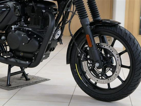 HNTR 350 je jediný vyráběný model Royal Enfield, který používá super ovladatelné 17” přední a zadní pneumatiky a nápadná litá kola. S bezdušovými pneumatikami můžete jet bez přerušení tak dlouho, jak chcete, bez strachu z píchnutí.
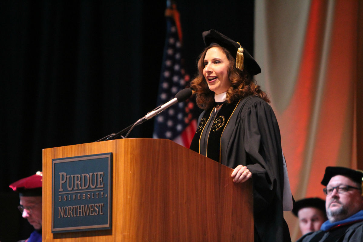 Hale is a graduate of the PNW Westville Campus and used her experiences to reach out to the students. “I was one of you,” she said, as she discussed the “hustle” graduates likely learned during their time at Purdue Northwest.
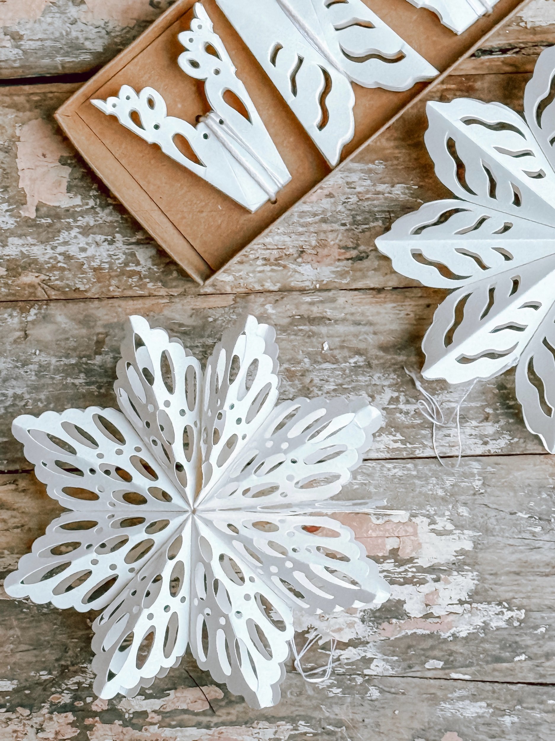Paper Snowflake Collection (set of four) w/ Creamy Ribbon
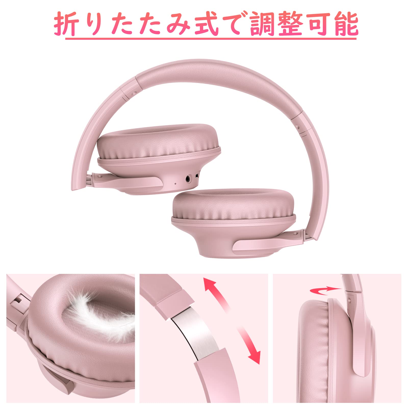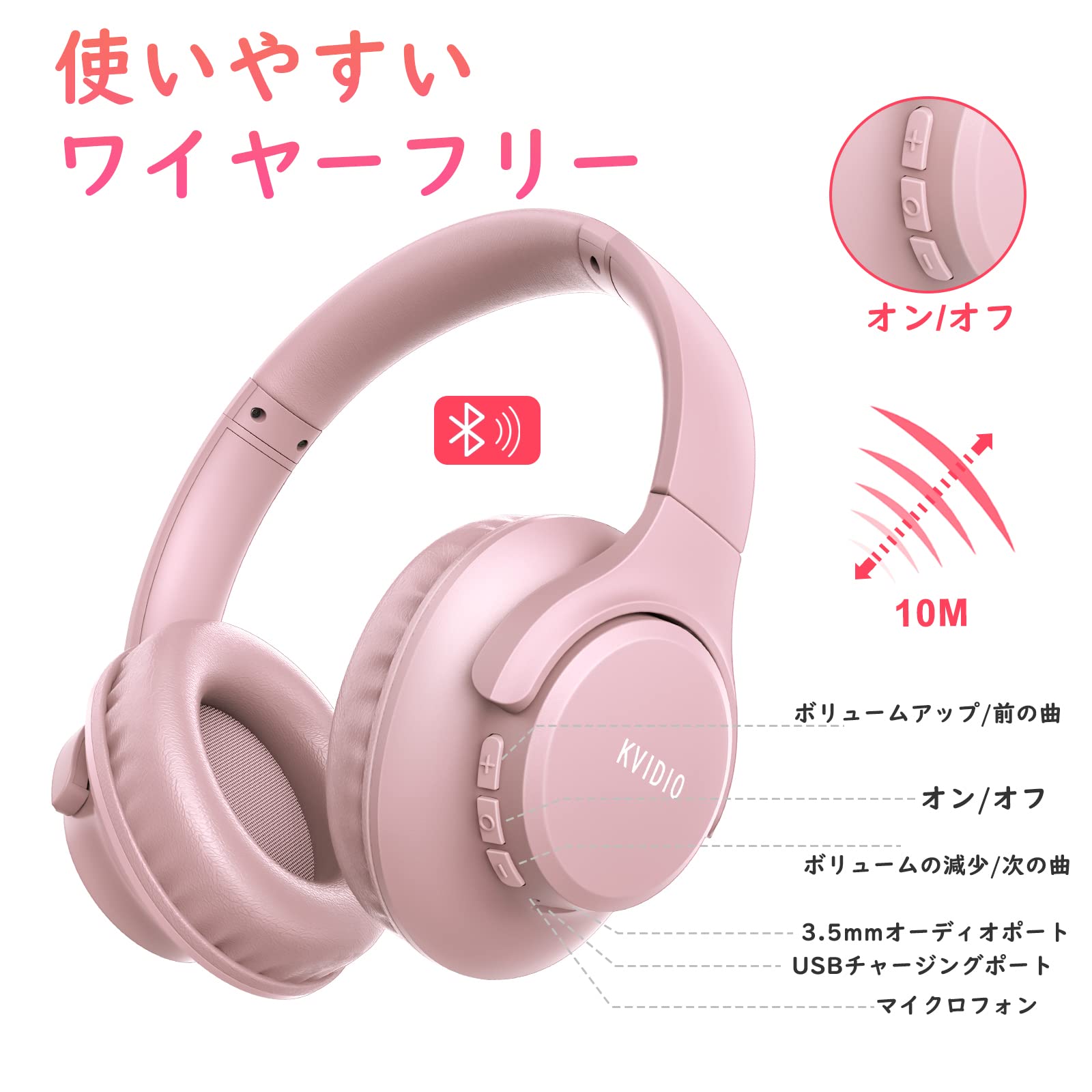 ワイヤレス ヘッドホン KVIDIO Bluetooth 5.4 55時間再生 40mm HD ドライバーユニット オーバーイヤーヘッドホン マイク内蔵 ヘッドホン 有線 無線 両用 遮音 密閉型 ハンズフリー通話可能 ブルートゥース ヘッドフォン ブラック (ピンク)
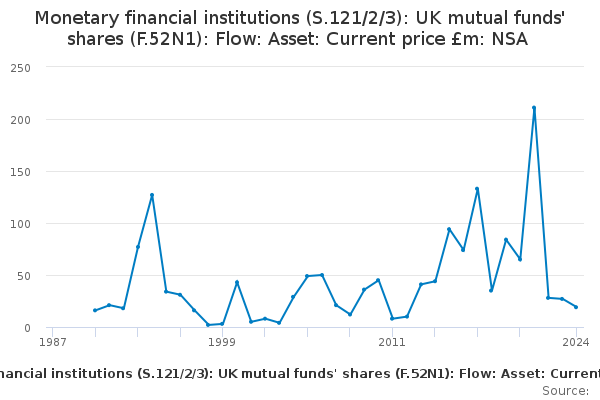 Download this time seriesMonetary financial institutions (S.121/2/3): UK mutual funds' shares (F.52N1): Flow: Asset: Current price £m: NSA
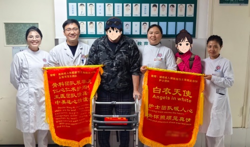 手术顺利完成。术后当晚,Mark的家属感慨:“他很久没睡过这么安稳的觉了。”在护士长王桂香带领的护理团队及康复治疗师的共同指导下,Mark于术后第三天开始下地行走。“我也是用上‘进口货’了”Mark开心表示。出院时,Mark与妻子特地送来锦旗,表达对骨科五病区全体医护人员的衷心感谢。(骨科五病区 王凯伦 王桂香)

========================

Transcribe, word for word, the stretch of lines in the data above from the one with "Hale is a graduate" through the one with "ワイヤレス ヘッドホン KVIDIO"; omit all pictures.

 Hale is a graduate of the PNW Westville Campus and used her experiences to reach out to the students. “I was one of you,” she said, as she discussed the “hustle” graduates likely learned during their time at Purdue Northwest.
Paper Snowflake Collection (set of four) w/ Creamy Ribbon
 ワイヤレス ヘッドホン KVIDIO Bluetooth 5.4 55時間再生 40mm HD ドライバーユニット オーバーイヤーヘッドホン マイク内蔵 ヘッドホン 有線 無線 両用 遮音 密閉型 ハンズフリー通話可能 ブルートゥース ヘッドフォン ブラック (ピンク)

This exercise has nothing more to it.